Михаил Булгаков как жертва «жилищного вопроса» - [6]
(Ч. 2, гл. 25)
Да не конвою, а охране. Может быть, страже или телохранителям. Пилат же никуда не едет, а сидит в своём дворце. Конвой как постоянное подразделение гвардии был, кажется, только у русских императоров.
«В город входили верблюды, вслед за ними въехал военный сирийский патруль, который Иуда мысленно проклял…» (Ч. 2, гл. 26)
По-русски будет «сирийский военный патруль», а не «военный сирийский». «Военный» — так и быть, можно потерпеть, потому что в принципе может быть ещё и полицейский, к примеру.
«После душного города Иуду поразил одуряющий запах весенней ночи. Из сада через ограду выливалась волна запахов миртов и акаций с гефсиманских полян.» (Ч. 2, гл. 26)
На полянах растут травы. А мирт и акация — это невысокие деревья, в лучшем случае имеющие высоту кустарников.
«Нетерпеливый Иуда был уже за городской стеной. На левой руке у себя Иуда увидел маленькое кладбище…»

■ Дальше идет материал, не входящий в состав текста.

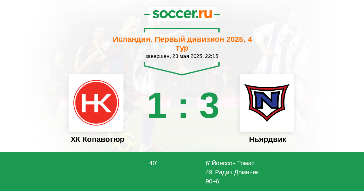 6' (0:1) Йонссон Томас (F. Gudnason)

«Через некоторое время мелькнул на левой руке у Иуды, на поляне, масличный жом с тяжелым каменным колесом и груда каких-то бочек.» (Ч. 2, гл. 26)
«Слева от Иуды» или «по левую руку от Иуды» было бы по-русски. А «на левой руке у Иуды» — это, наверное, украинизм или идишизм (я не знаток соответствующих языков).

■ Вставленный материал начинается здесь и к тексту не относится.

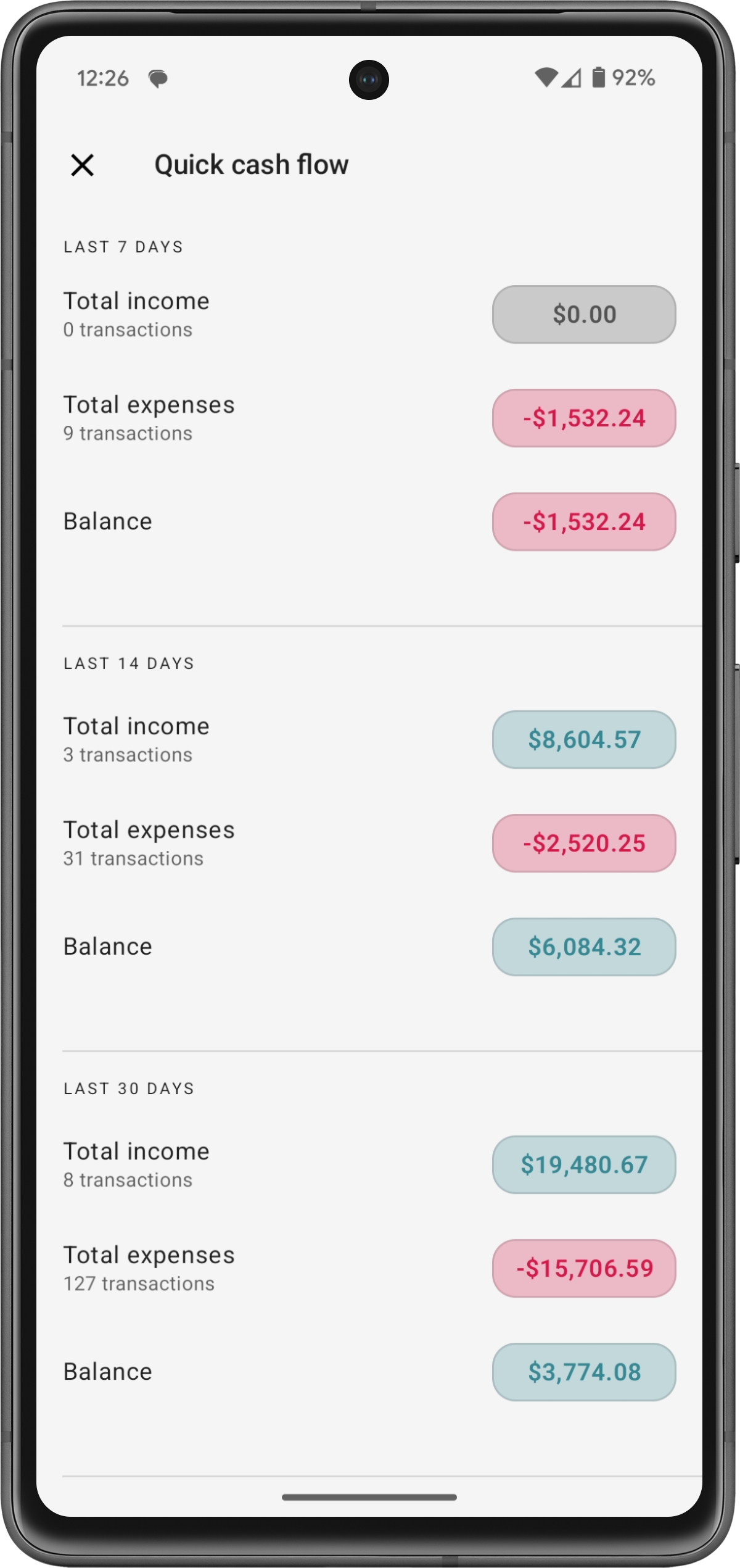 Oggi, Ultimi 7 Giorni, 14 Giorni, 30 Giorni, Questo Mese, Mese Precedente, ecc.: La vista del cash flow rapido suddivide la tua attività finanziaria in tre periodi distinti—l'ultima settimana, le ultime due settimane e l'ultimo mese. Questo ti consente di individuare facilmente tendenze o cambiamenti nelle tue spese e entrate su diverse durate temporali.

«Надежда вспыхнула в сердце Иуды. Он отчаянно вскричал: — Тридцать тетрадрахм! Тридцать тетрадрахм! Все, что получил, с собою. Вот деньги! Берите, но отдайте жизнь!» (Ч. 2, гл. 26)

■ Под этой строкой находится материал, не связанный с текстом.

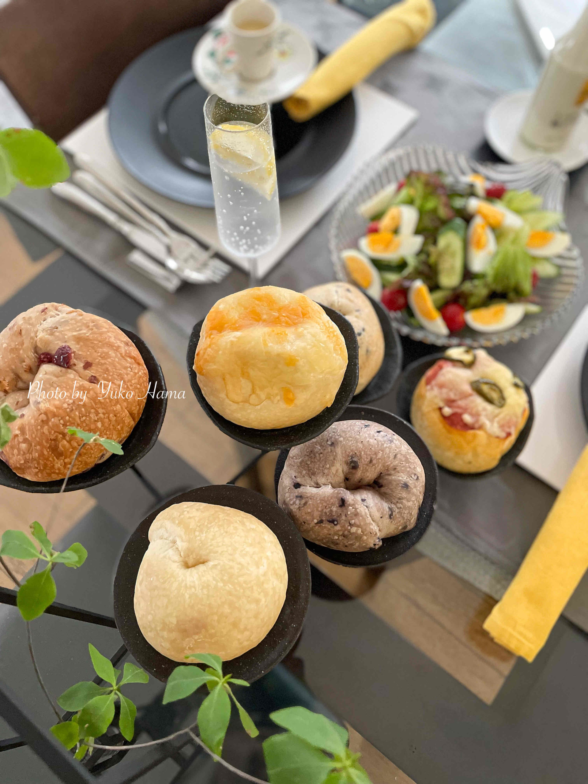 ベーグルが主役のテーブルコーディネート。

Не «отдайте», а «оставьте»: жизни у Иуды ещё не отняли. А отняв, вернуть не смогут, потому как не боги.
«Да, материалу было уже много, и было известно уже, кого и где ловить. Да дело-то в том, что поймать-то никаким образом нельзя было.» (Ч. 2, гл. 27)
Не «нельзя», а «невозможно». Нельзя — это когда не дозволяют. Невозможно — это когда дозволяют, но не получается.
«Кот прицелился и, летая, как маятник, над головами пришедших, открыл по ним стрельбу.» (Ч. 2, гл. 27)
Прицелиться — это замереть на несколько секунд, с трудом удерживая глаз, прицельную планку, мушку и цель на одной линии. Далее, прицелиться по групповой цели («по ним») даже в мистическом произведении можно только при условии, что эта цель располагается далеко и компактно.
«Это был единственный, или один из единственных, случай, когда стрельба оказалась совершенно недействительной.» (Ч. 2, гл. 27)
Стрельба оказалась не «недействительной», а «недейственной». Далее, «единственный» — это в какой совокупности? Мало ли кто где как и по кому стреляет. А «один из единственных» — это, наверное, булгаковское коверкание языка ради оживления стиля.
«Всадники двинулись шагом, слушая, как кони их подковами давят кремни и камни.» (Ч. 2, гл. 32)
Фразы «давить что-то» и «давить НА что-то» имеют разный смысл. В первом случае что-то оказывается в результате раздавленным, во втором случае остаётся целым, но, возможно, сдвинутым с прежнего места. Конечно, поскольку кони фантастические, они в состоянии раздавливать копытами (а не крошить) и камни, и кремни, и огнива.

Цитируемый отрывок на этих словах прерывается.